Research output: Contribution to journalArticle

Abstract

OBJECTIVES: To evaluate the risk of incident physical disability and the decline in gait speed over a 6-year follow-up associated with a low ankle-arm index (AAI) in older adults. DESIGN: Observational cohort study. SETTING: Forsyth County, North Carolina; Sacramento County, California; Washington County, Maryland; and Allegheny County, Pennsylvania. PARTICIPANTS: Four thousand seven hundred five older adults, 58% women and 17.6% black, participating in the Cardiovascular Health Study.
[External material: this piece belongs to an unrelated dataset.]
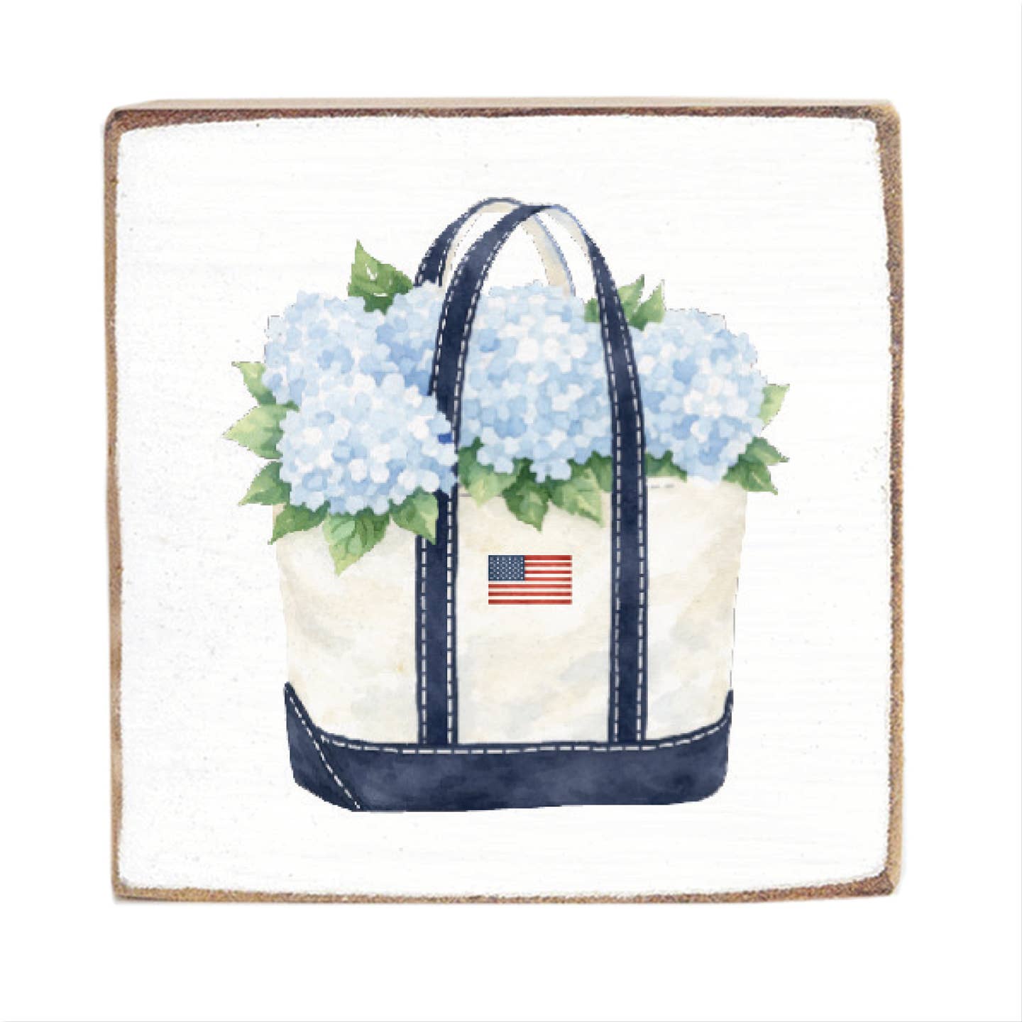 - Wooden block sign with hydrangea tote and flag design 6 x 6 x 2"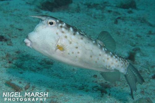 The Horn-nose Boxfish (Ostracion rhinorhynchos) is a rarely seen tropical boxfish that is mostly found in Southeast Asia. This species is also found in Australia, but mainly in areas that few divers venture, the Northern Territory and northern Western Australia. The Horn-nose Boxfish grows to 35cm long and is a white-creamy colour with darker spots and a brown honeycomb pattern. This species has a strange lump on its face that looks like an over-sized nose.

MEASUREMENTS: AAI was measured in 1992/93 (baseline). Self-reported mobility, activity of daily living (ADL), and instrumental activity of daily living (IADL) disability and gait speed were recorded at baseline and at 1-year intervals over 6 years of follow-up. Mobility disability was defined as any difficulty walking half a mile and ADL and IADL disability was defined as any difficulty with 11 specific ADL and IADL tasks. Individuals with mobility, ADL, or IADL disability at baseline were excluded from the respective incident disability analyses. RESULTS: Lower baseline AAI values were associated with increased risk of mobility disability and ADL/IADL disability. Clinical cardiovascular disease (CVD), diabetes mellitus, and interim CVD events partially explained these associations for mobility disability and clinical CVD and diabetes mellitus partially explained these associations for ADL and IADL disability. Individuals with an AAI less than 0.9 had on average a mean decrease in gait speed of 0.02 m/s per year, or a decline of 0.12 m/s over the 6-year follow-up. Prevalent CVD partly explained this decrease but interim CVD events did not further attenuate it. CONCLUSION: Low AAI serves as marker of future disability risk. Reduction of disability risk in patients with a low AAI should consider cardiovascular comorbidity and the prevention of additional disabling CVD events.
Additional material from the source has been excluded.